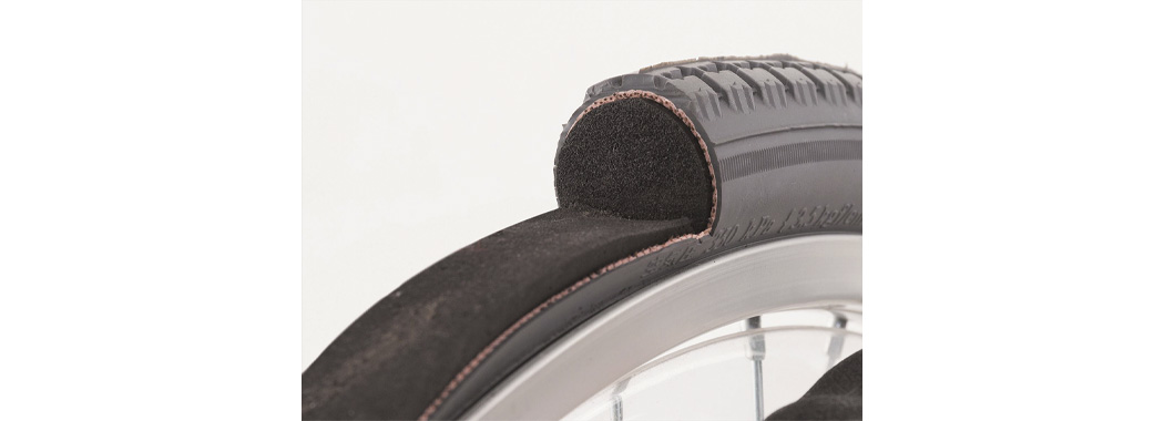 空気管理が不要でエアータイヤに近いクッション性を実現したハイブリッドタイプのノーパンクタイヤです。タイヤの磨耗による交換を除けば約5年は使用可能な耐久性の高いインナーチューブを採用しています。
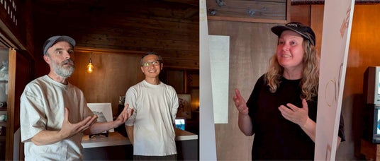 「とゞ兵」ではこれまでに多くのアーティストが「TODOHYO Artist Residency」として滞在し、制作を行なっています。このツアー期間中に滞在をしていたAndrew Black 氏(UK)とAriane Geil 氏(Germany)は、「alpha_alpha」としてアニメーションと環境音楽で空間を創るアーティストであり、ツアー参加者はまずこの作品に触れ、彼らと直接対話する刺激的な機会を得ることができました。
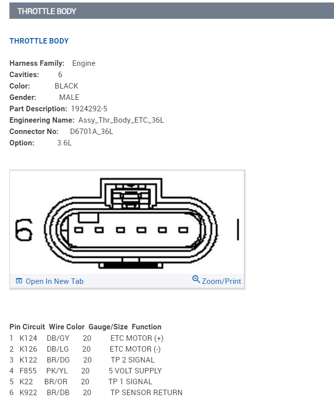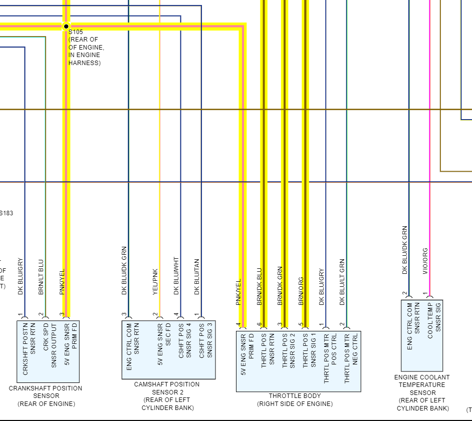 For the Throttle Body, there is one 5-volt Reference Feed, two Signal wires TP1 and TP2, and one TP sensor Return (Ground). The first diagram is the throttle body pinout. Since you actually got a TPS code, checking the throttle body first would be recommended. If you unplug the 6-wire connector on the throttle body, turn the key to just the "on" position, engine off. Using a basic multimeter, put the red lead on the pink/yellow wire and the other lead on the brown/dark blue wire, you should read 5-volts. But if you can give us the actual codes it would be faster so we can test the correct circuit without going through all the others.
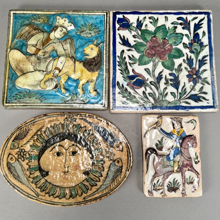 Home / ANTIQUE AUCTION - FRI OCTOBER 3 AT 6 PM / LOT 286 FOUR DECORATIVE TILES: (1) 7 X 5 KING ON HORSE HOLDING BIRD. (2) 11-1/2 X 8 OVAL FACE WITH FISH. (3) 9-1/2 X 9-1/2 KING WITH LION. (4) 9-1/2 X 9-1/2 FLOWER LOT 286 FOUR DECORATIVE TILES: (1) 7 X 5 KING ON HORSE HOLDING BIRD. (2) 11-1/2 X 8 OVAL FACE WITH FISH. (3) 9-1/2 X 9-1/2 KING WITH LION. (4) 9-1/2 X 9-1/2 FLOWER Place a Bid Categories: ANTIQUE AUCTION - FRI OCTOBER 3 AT 6 PM, OCTOBER 3 AT 6 PM Tag: auction Related products LOT 016 6 PCS OF STERLING SILVER: (1) 6″(D) PLATE BY TOWLE. (2) 3-1/2 FOOTED CREAMER BY POOLE. (3) 4″(D) FOOTED BOWL BY SHREVE, CRUMP & LOW CO (4) 7″(L) FOOTED GRAVY BY J.E. CALDWELL & CO (5) 4″ CREAMER BY DOMINICK & HAFF (6) 6-3/4″(W) DISH BY TOWLE. 25.2 OZT LOT 006 FINE PAIR OF FANCY STERLING SILVER CANDLESTICKS, SHEFFIELD, 1903-4 WITH MAKER’S MARK ‘HE LD’, 12″(H) LOT 019 COIN SILVER MUG BY C. BARD & SON, PHILADELPHIA, PA, CIRCA 1850 INSCRIBED ‘ANNA CRAIG FULTON’, THE BODY HAVING REPOUSSE FLOWERS. 3-1/2″(H), 3.3 OZT LOT 010 2 STERLING SILVER SHAKERS, ONE 6″(H) WITH BLURRED ENGLISH HALLMARKS, THE OTHER 6-1/2″(H) MARKED STERLING. 9 OZT
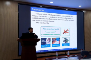 本次沙龙共有14位专家学者进行了学术报告。12月6日上午,首先由华南理工大学邓飞其教授进行题为《Stabilization of nonlinear systems by noise》的报告,介绍了如何基于新型随机系统稳定性定理及其推论,放宽传统条件假设,并通过噪声强度设计实现系统稳定化/去稳定化。该报告由重庆交通大学宋乾坤教授主持。
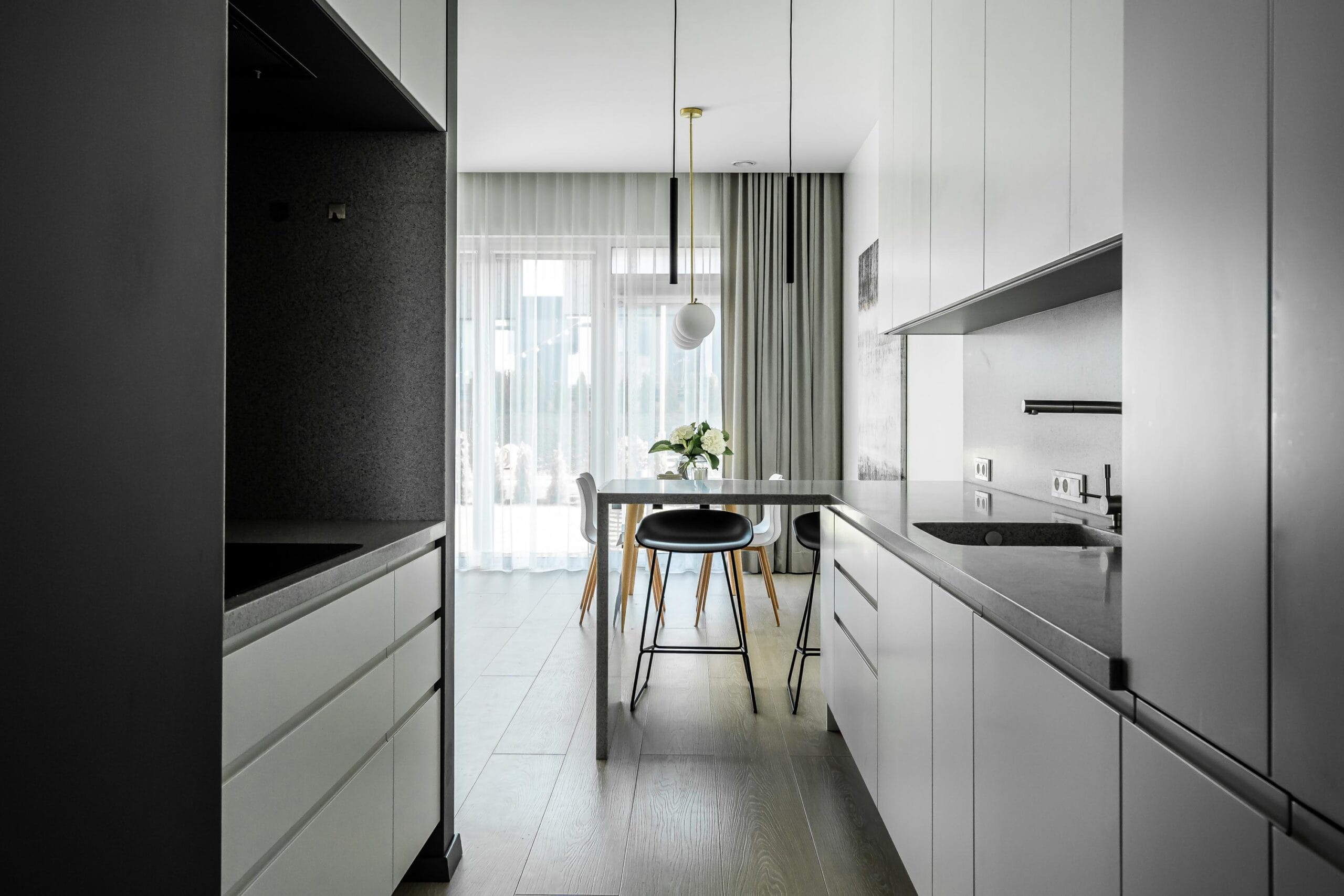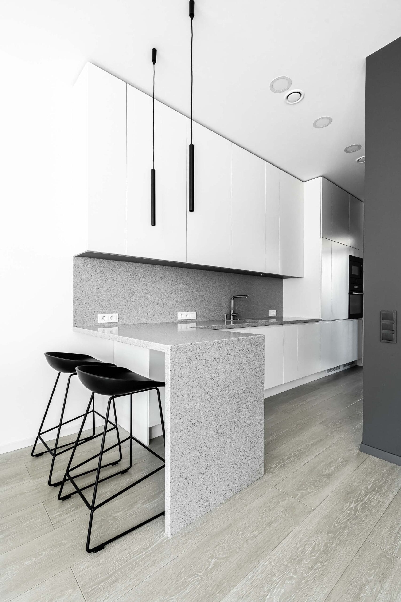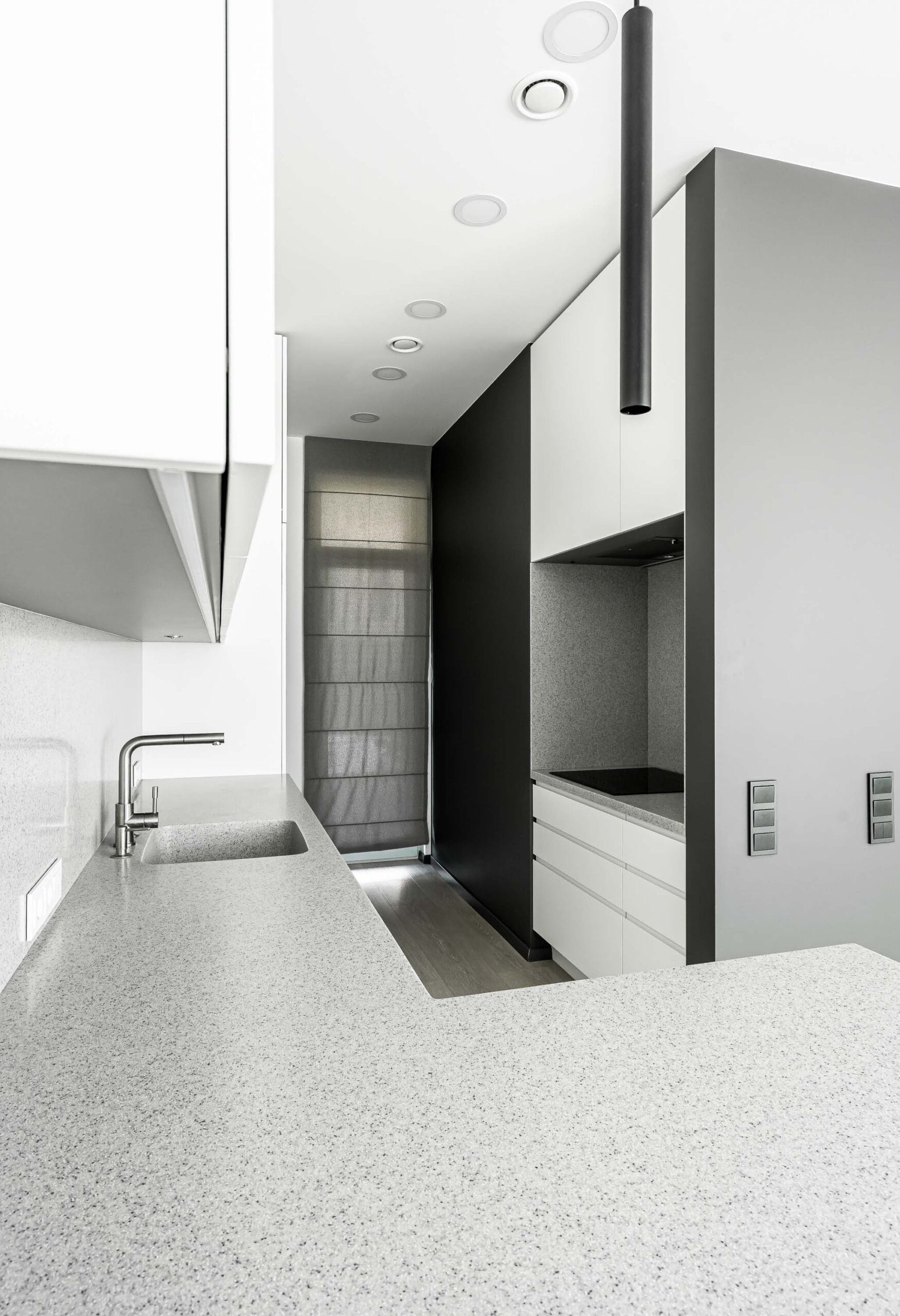 Didelis dėmesys skirtas funkcionaliam išplanavimui ir virtuvės zonai. Visi sprendiniai apgalvoti taip, kad kasdieniai veiksmai būtų patogūs, o erdvė veiktų sklandžiai skirtinguose naudojimo scenarijuose. Virtuvės baldų fasadams naudotas dažytas MDF su frezuotomis rankenėlėmis. Stalviršis bei sienutė tarp stalviršio ir pakabinamų spintelių suprojektuoti iš lieto akmens, ilgaamžės, praktiškos medžiagos.
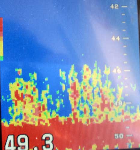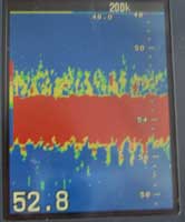 | Pageles, pargos y vidriadas . Bajo una modesta pesquera hecha a mediados del mes en dos caladeros. Los dos con aparentemente bastante pescado en sonda y con vegetación sugerente. En el primero, a la izquierda, el exceso de morralla nos impidió capturar mas pageles. En el 2º logramos algun pargo chopas medianas y vidriadas . Pulse imágenes para ampliar |
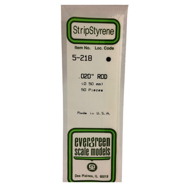 Package Contains Ten .020" White Styrene Plastic Round Rods from Evergreen Scale Models.FEATURES: Solid white styrene round rods are sturdy and dur...
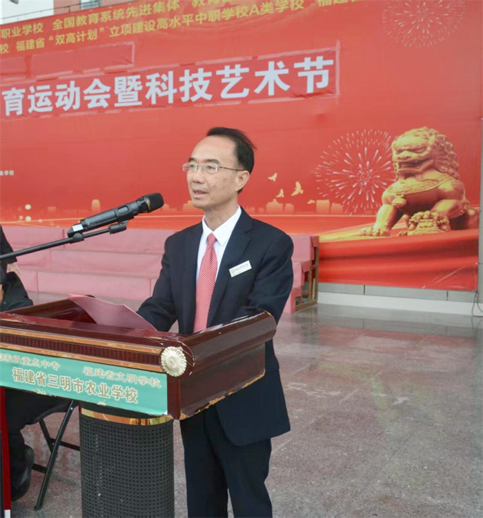 2025年11月5日上午,三明市农业学校第三十八届体育运动会暨科技艺术节在学校运动场隆重开幕。开幕式由组委会副主任、总裁判长、学校党委委员、副校长胡安生主持。
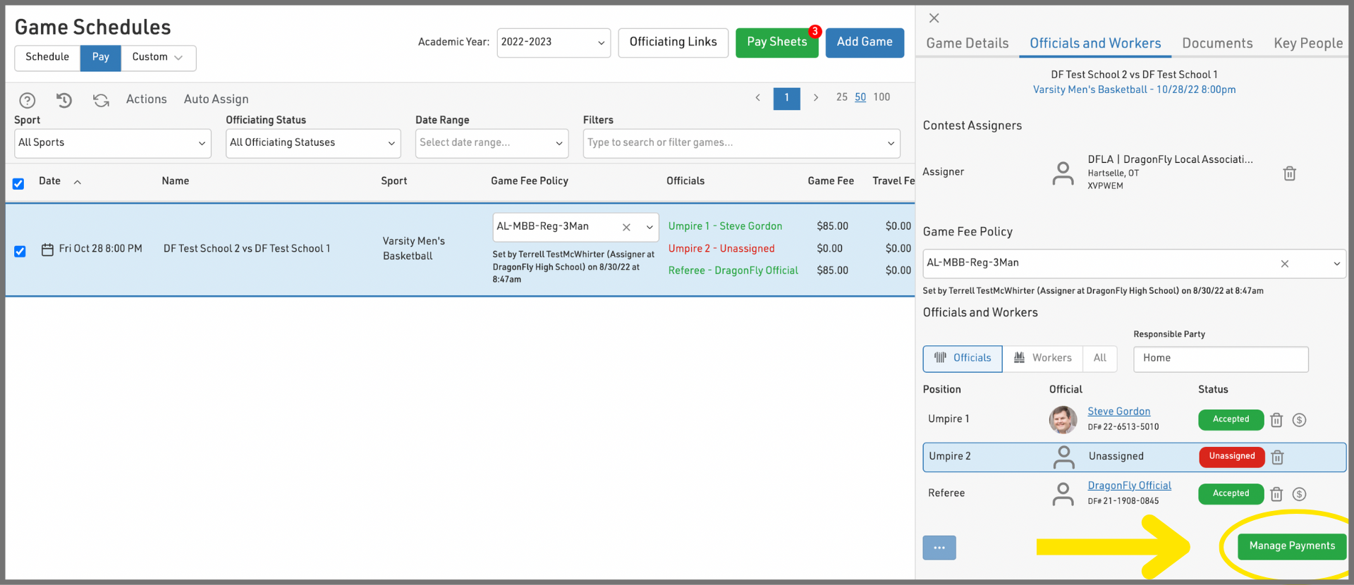 4. Select the 'Manage Payments' button under the list of officials or game workers.

— Work instructions —
Repeat the material exactly. Any picture in it should be dropped.

— Exercise solution —
 空気管理が不要でエアータイヤに近いクッション性を実現したハイブリッドタイプのノーパンクタイヤです。タイヤの磨耗による交換を除けば約5年は使用可能な耐久性の高いインナーチューブを採用しています。
 「とゞ兵」ではこれまでに多くのアーティストが「TODOHYO Artist Residency」として滞在し、制作を行なっています。このツアー期間中に滞在をしていたAndrew Black 氏(UK)とAriane Geil 氏(Germany)は、「alpha_alpha」としてアニメーションと環境音楽で空間を創るアーティストであり、ツアー参加者はまずこの作品に触れ、彼らと直接対話する刺激的な機会を得ることができました。
 For the Throttle Body, there is one 5-volt Reference Feed, two Signal wires TP1 and TP2, and one TP sensor Return (Ground). The first diagram is the throttle body pinout. Since you actually got a TPS code, checking the throttle body first would be recommended. If you unplug the 6-wire connector on the throttle body, turn the key to just the "on" position, engine off. Using a basic multimeter, put the red lead on the pink/yellow wire and the other lead on the brown/dark blue wire, you should read 5-volts. But if you can give us the actual codes it would be faster so we can test the correct circuit without going through all the others.
 Home / ANTIQUE AUCTION - FRI OCTOBER 3 AT 6 PM / LOT 286 FOUR DECORATIVE TILES: (1) 7 X 5 KING ON HORSE HOLDING BIRD. (2) 11-1/2 X 8 OVAL FACE WITH FISH. (3) 9-1/2 X 9-1/2 KING WITH LION. (4) 9-1/2 X 9-1/2 FLOWER LOT 286 FOUR DECORATIVE TILES: (1) 7 X 5 KING ON HORSE HOLDING BIRD. (2) 11-1/2 X 8 OVAL FACE WITH FISH. (3) 9-1/2 X 9-1/2 KING WITH LION. (4) 9-1/2 X 9-1/2 FLOWER Place a Bid Categories: ANTIQUE AUCTION - FRI OCTOBER 3 AT 6 PM, OCTOBER 3 AT 6 PM Tag: auction Related products LOT 016 6 PCS OF STERLING SILVER: (1) 6″(D) PLATE BY TOWLE. (2) 3-1/2 FOOTED CREAMER BY POOLE. (3) 4″(D) FOOTED BOWL BY SHREVE, CRUMP & LOW CO (4) 7″(L) FOOTED GRAVY BY J.E. CALDWELL & CO (5) 4″ CREAMER BY DOMINICK & HAFF (6) 6-3/4″(W) DISH BY TOWLE. 25.2 OZT LOT 006 FINE PAIR OF FANCY STERLING SILVER CANDLESTICKS, SHEFFIELD, 1903-4 WITH MAKER’S MARK ‘HE LD’, 12″(H) LOT 019 COIN SILVER MUG BY C. BARD & SON, PHILADELPHIA, PA, CIRCA 1850 INSCRIBED ‘ANNA CRAIG FULTON’, THE BODY HAVING REPOUSSE FLOWERS. 3-1/2″(H), 3.3 OZT LOT 010 2 STERLING SILVER SHAKERS, ONE 6″(H) WITH BLURRED ENGLISH HALLMARKS, THE OTHER 6-1/2″(H) MARKED STERLING. 9 OZT
 本次沙龙共有14位专家学者进行了学术报告。12月6日上午,首先由华南理工大学邓飞其教授进行题为《Stabilization of nonlinear systems by noise》的报告,介绍了如何基于新型随机系统稳定性定理及其推论,放宽传统条件假设,并通过噪声强度设计实现系统稳定化/去稳定化。该报告由重庆交通大学宋乾坤教授主持。
 Didelis dėmesys skirtas funkcionaliam išplanavimui ir virtuvės zonai. Visi sprendiniai apgalvoti taip, kad kasdieniai veiksmai būtų patogūs, o erdvė veiktų sklandžiai skirtinguose naudojimo scenarijuose. Virtuvės baldų fasadams naudotas dažytas MDF su frezuotomis rankenėlėmis. Stalviršis bei sienutė tarp stalviršio ir pakabinamų spintelių suprojektuoti iš lieto akmens, ilgaamžės, praktiškos medžiagos.
 | Pageles, pargos y vidriadas . Bajo una modesta pesquera hecha a mediados del mes en dos caladeros. Los dos con aparentemente bastante pescado en sonda y con vegetación sugerente. En el primero, a la izquierda, el exceso de morralla nos impidió capturar mas pageles. En el 2º logramos algun pargo chopas medianas y vidriadas . Pulse imágenes para ampliar |
 Package Contains Ten .020" White Styrene Plastic Round Rods from Evergreen Scale Models.FEATURES: Solid white styrene round rods are sturdy and dur...
 2025年11月5日上午,三明市农业学校第三十八届体育运动会暨科技艺术节在学校运动场隆重开幕。开幕式由组委会副主任、总裁判长、学校党委委员、副校长胡安生主持。
 4. Select the 'Manage Payments' button under the list of officials or game workers.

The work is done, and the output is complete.